I'm currently working on several features demanding abilities like Module Federation should provide. I do need to use the dynamic module federation features specifically. I've encountered several barriers I haven't been able to overcome for several days now, so I decided to fill in a 'complain', hinting at some issues I discovered with provided examples.

Since I don't know how Module Federation works and since I'm unable to use it properly, I'm also unable to provide suggestions on how to improve the documentation specifically.

First of all, I could barely use WebPack's official documentation at all since the documentation itself seems to be unnecessarily verbose, especially on technical details, and does not get to the point on how to use it properly, especially when it comes to TypeScript.

Then, there are the examples, which do have one major issue - When it comes to dynamic modules, you can find on line across the entire Google results list, which is:

const container = window[scope]; // or get the container somewhere else

Several questions come up:

  • What is the container?
  • Who's responsible for it's lifecycle?
  • If it's me, where and how should I create it?
  • What's the purpose of the container?
  • Why is it undefined per default?

Other than that, as it is almost always the case with WebPack's configuration file, I think the configuration's properties are unnecessarily verbose - and it's again very, very hard to make any sense of them.

new ModuleFederationPlugin({ name: "app2", filename: "remoteEntry.js", remotes: { app1: "app1@http://localhost:3001/remoteEntry.js", } })

  • The string 'app2' occurs 2 times within this example configuration. Why?
  • 'remoteEntry.js' occurs 2 times. Why?
  • What's the point of configuring remotes statically within webpack.config.js?
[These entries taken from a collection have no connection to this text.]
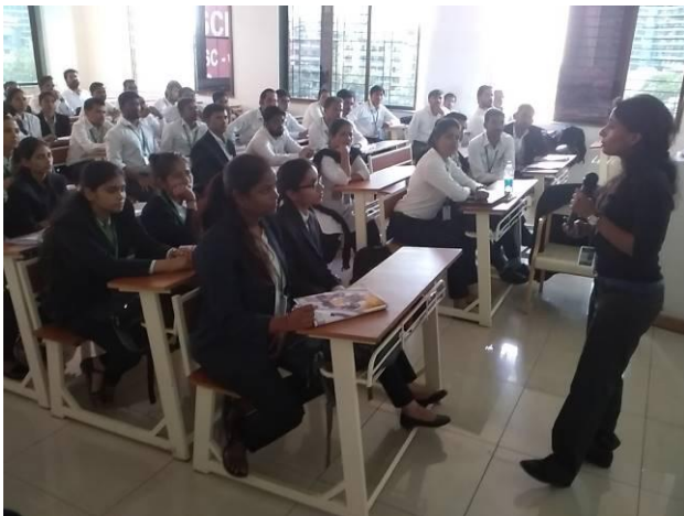
Liny KLE Law college Mumbai Why Youth Abortions Harmful 90% of students changed their minds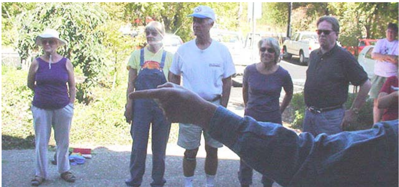
"Labor of Love" volunteers getting instructions on where to go and what to do.

[462-4995 or terracollieryoung@yahoo.com]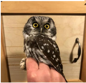
A Boreal Owl, the first captured in 4 years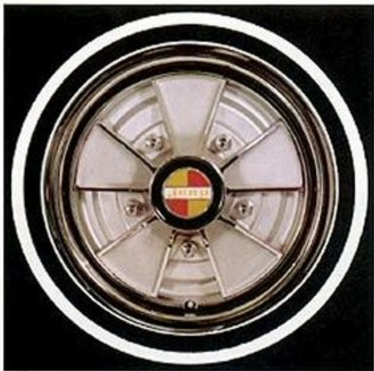
Mag-Type Wheel Covers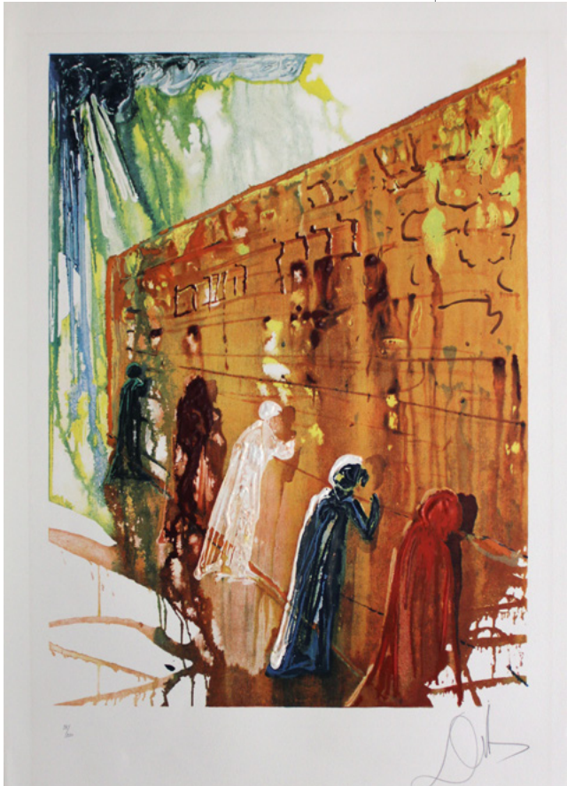
Salvador Dalí, “Wailing Wall,” 1975 (printed), Embossed lithograph, 22 x 29 3/4 in. Anonymous donation.

April 12, (Online) Art 101, Spring Acrylic Painting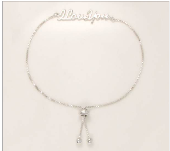
BR107086SL WT: 3.35 gm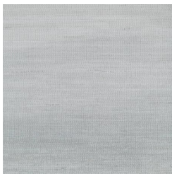
W2-HZ-01 WHITE CAP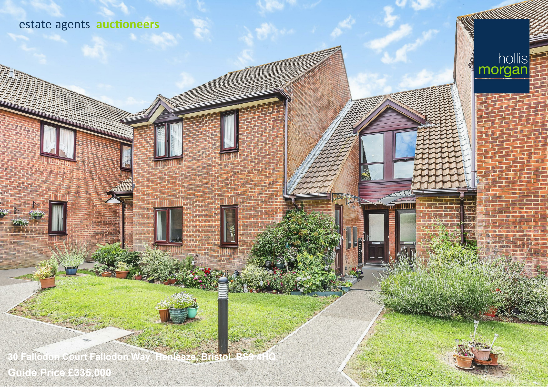
30 Falldon Court Falldon Way, Henleaze, Bristol, BS9 4HQ Guide Price £335,000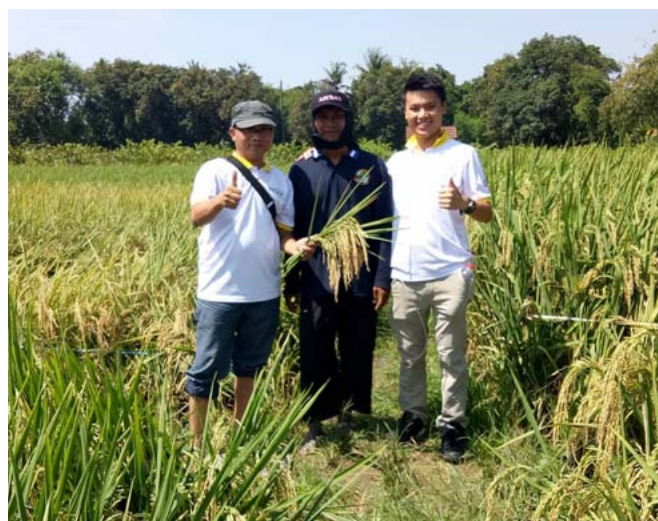
Photo 2. Paddy producer (center) with the distributor (right) and an agronomist (left).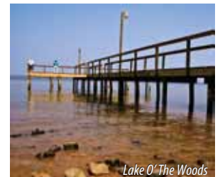
Lake O' The Woods

“4444” from your unit and your call will be answered by our on-site Silverleaf Service Manager who will be able respond to those issues and ensure your needs are handled in a professional and timely manner.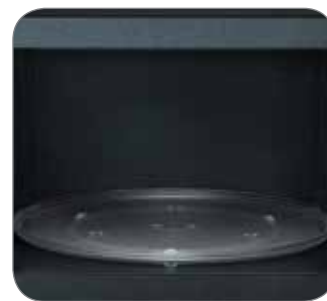
Ceramic Enamel Interior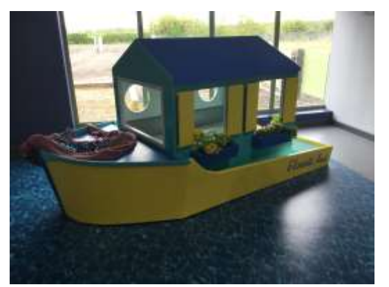
We went to visit Play Avenue in Messingham

This is what it looks like inside the Nursery. We have lots of areas to play such as our role play area, our cosy book corner and our construction area.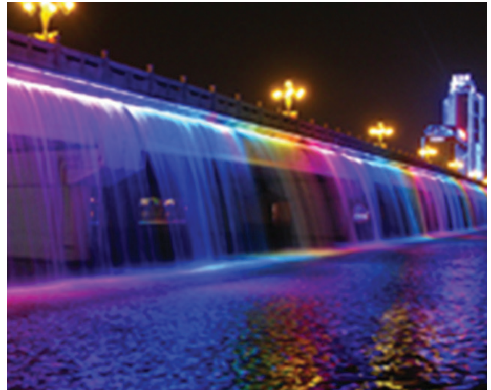
Figure 4 Water Feature

Availability of existing Klang river and landscape area such Taman Pengkalan Kampar and Taman Pengkalan Batu for new improvement and development.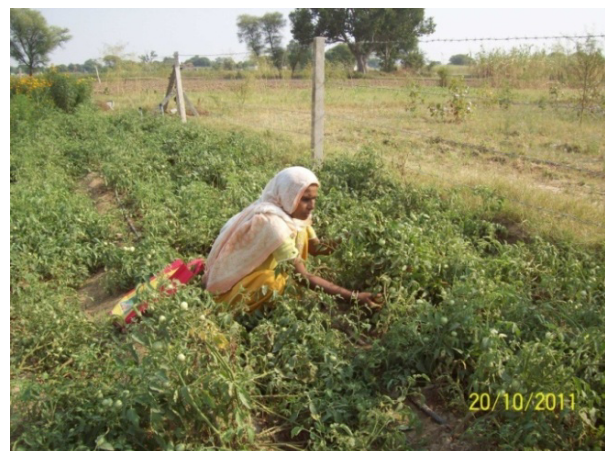
Fig. 2. Bucket kit in bottle gourd, ridge gourd and other vegetables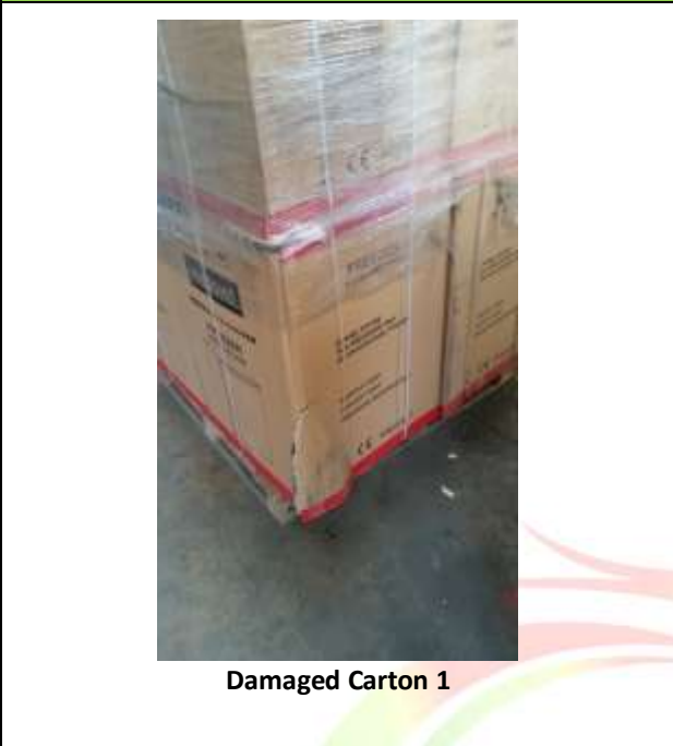
Damaged Carton 1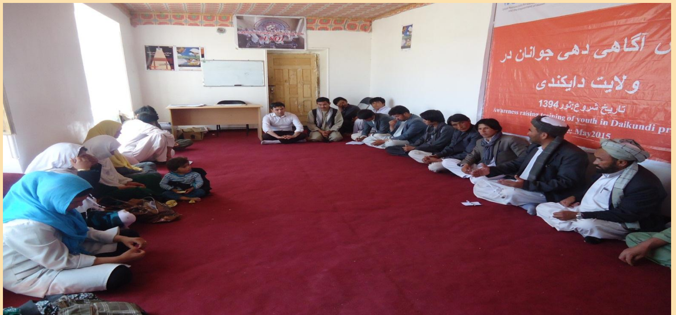
Advocacy Committee Members Gathered Together in Nili district, Daikundi Province to Coordinate Their Advocacy Activities 2015.

LSO implemented youth engagement in elimination of violence against women project (EVAW/G) in Shahrstan, Gizab, Khider, Ashterlai and Nili Districts of Daikundi Province from Feb 1st – Dec, 31st, 2015. This project was aimed to ensure women basic rights, advocacy of VAW survivors by raising awareness of youth on women rights, EVAW Law, Advocacy Method and Youth Civil Rights. For this program, 576 youth ( 243 male and 333 female) were selected as trainees from 15 schools, Nasir Khusraw Private University, Legan Institute of Midwifery and 5 mosques belonging to target districts [below photos- explanation and images about trainees].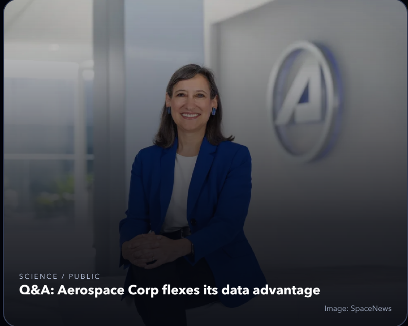
SCIENCE / PUBLIC Q&A: Aerospace Corp flexes its data advantage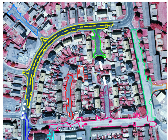
Figure 2. Accepted subgraphs, subset 2 (Grangemouth).

Large parts of the road network could be extracted as road parts. Areas where the extraction fails typically lie at the image border (most notably in subset 2), at sharp turns or where the appearance of the roads is disturbed by trees and shadows. False extractions are rare, thanks to the DSM; most of them are driveways or parking lots. After the subgraph generation, most road parts that lie on the same road are connected. In subset 2, two road parts were first connected across two buildings, but the connection was eliminated after the context object evaluation (white dashed line in Figure 2). One connection in subset 2 was missed (white dotted line in Figure 2).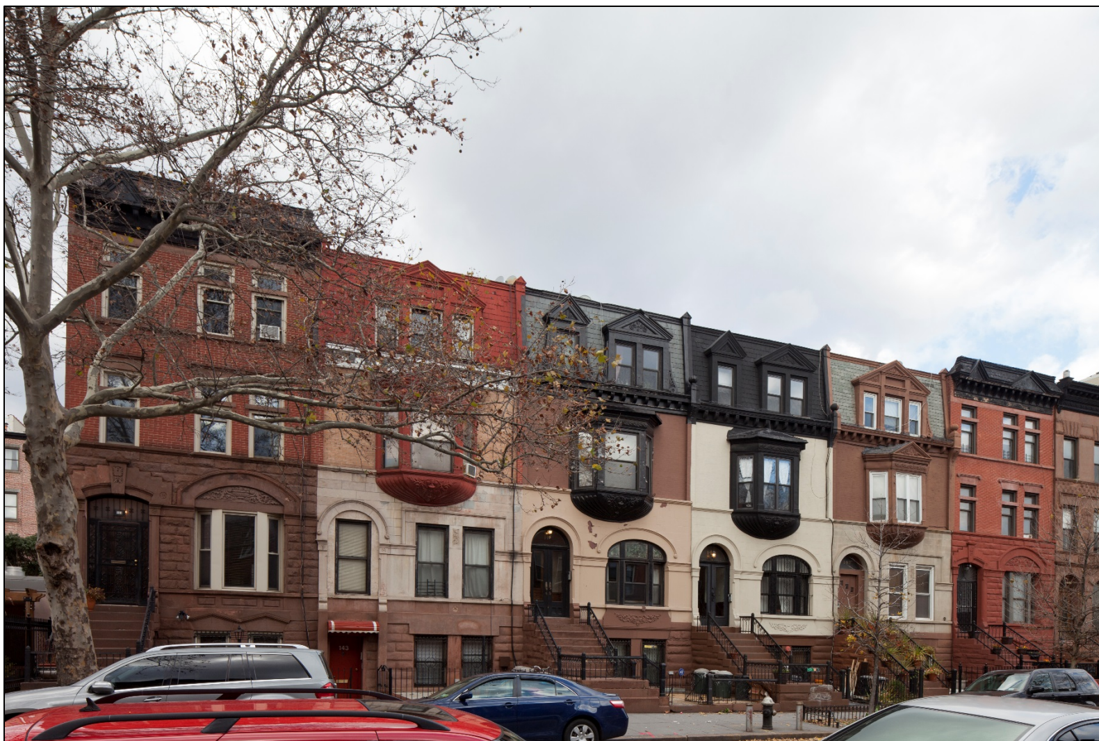
Figure 20 141 to 151 Halsey Street (William H. Burhans, c. 1892) Photo: Christopher D. Brazee, 2015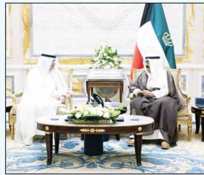
HH the Amir receives GCC Secretary General.

The ambassador took the constitutional oath before His Highness on the occasion of assuming his new post.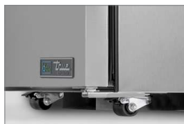
Low Profile (LP) 1½" Castors Upcharge applies for (LP) size castors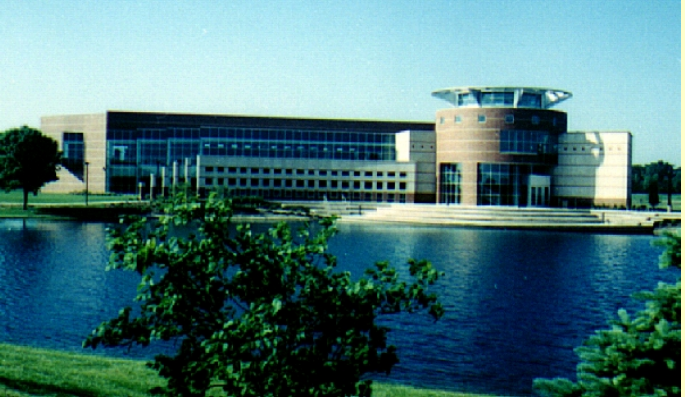
Library at OSU-Marion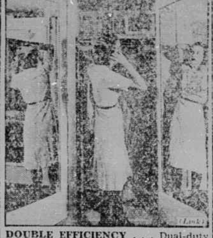
DOUBLE EFFICIENCY . . . Dual-duty theme of No 1 House in "Town of Tomorrow" at New York World's Fair is illustrated here by placement of plate glass mirrors on facing closet doors, feature which hostesses report draws thousands of "ohs" and "ahs" daily from feminine visitors. Mirrors multiply apparent space and double efficiency throughout the modest house.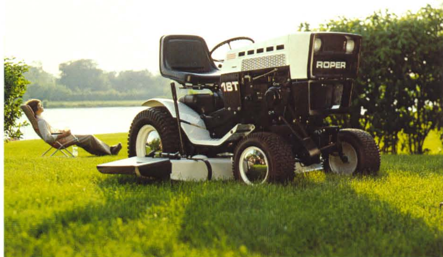
Shown With Optional Rotary Mower, TT738AR and Optional Hub Caps, TA018AR.

Power-packed and smooth with 18 hp opposed-piston, four cycle, twin cylinder Onan engine . . . 8-speed 6 + 2 Pac all-gear transmission • keyswitch electric start • running time monitor • deep-padded, high-back, spring-mounted and adjustable seat • rear-mounted fuel tank with fuel gauge • full fenders and footrests • combination clutch/brake • independent parking brake • twin sealed beam headlights • taillight.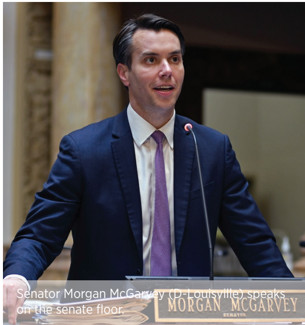
Senator Morgan McGarvey (D-Louisville) speaks on the senate floor.

House Bill 218 (T. Huff) reduced the waiting period and fees for felony expungement and Senate Bill 33 (J. Higdon) clarified expungement waiting periods for enhanceable misdemeanor offenses, i.e., penalties and waiting periods that are increased for a subsequent offense. These bills were critical workforce bills that could increase opportunities for individuals with felony records to access gainful employment and reduce recidivism.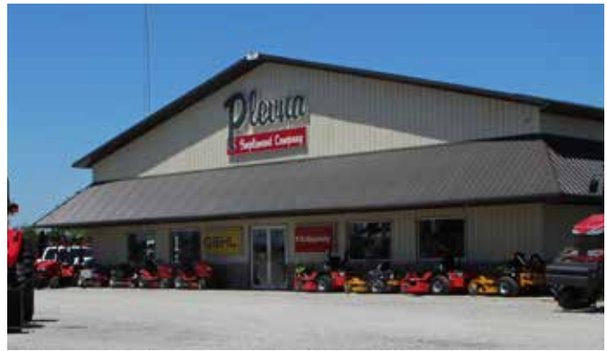
72' x 120' x 16'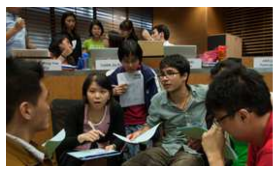
Students deep in discussion during a TeamLEAD session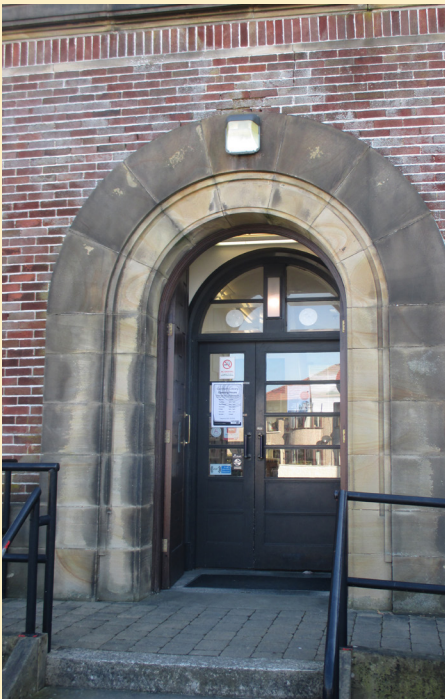
Lancashire County Library, Lancaster Road (1936)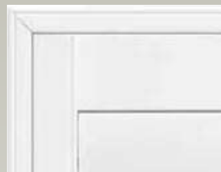
Beaded L Frame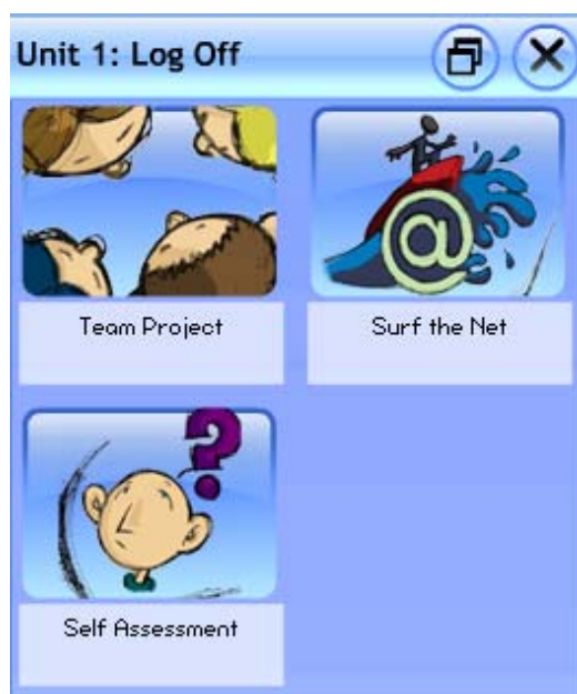
Snapshot of Log Off

reflection on how students have progressed in the language and how these new skills and strategies will help them in their everyday life activities.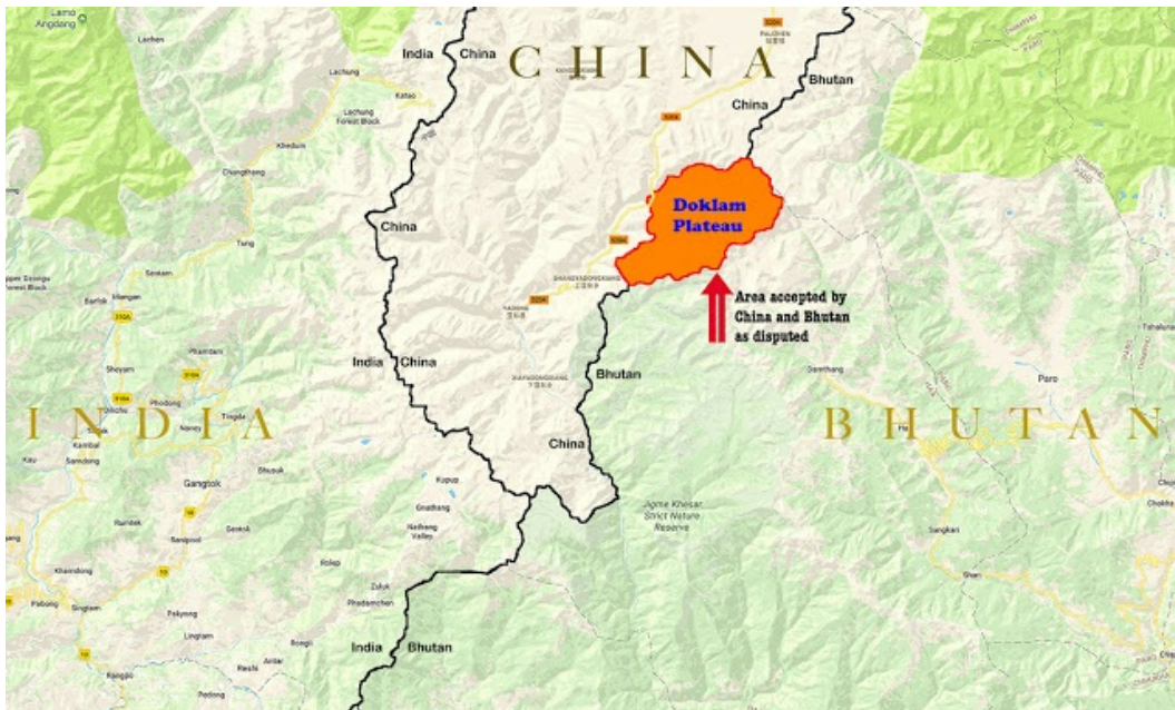
Image Attribute: Doklam Plateau, Source: Google Maps / Layered analysis provided by the author.

In June 2017, China attempted to extend a road from Yadong to the Doklam plateau southwards towards what is called the Doka La pass. However, Bhutan formally objected to China's road construction in the disputed area. As stated by the Bhutanese government, China attempted to extend a road that previously terminated at Doka La, towards the Bhutan army camp at Zornpeli near the Jampheri Ridge. What finally ensued was the standoff between the Indian and the Chinese armies respectively as Indian troops blocked the Chinese attempts to build the road. As a result of the standoff, the Chinese media started referring to the area as the tri junction, which is actually centered at a place called Gyomochen, further down of Batang-La (as outlined in the map below) which was taken as the tri junction prior to the standoff.

Shouldn't it be espacially focused on dynamic remotes, since development and production environments can be very different from one another?

Please don't interpret this as a rampage, it's just a list of hints. I'm going to try my best to get it to run, but I've decided to share my pain during the process with you guys.

Maybe you'll agree on specific points with me, maybe you don't, none of this is an offence :)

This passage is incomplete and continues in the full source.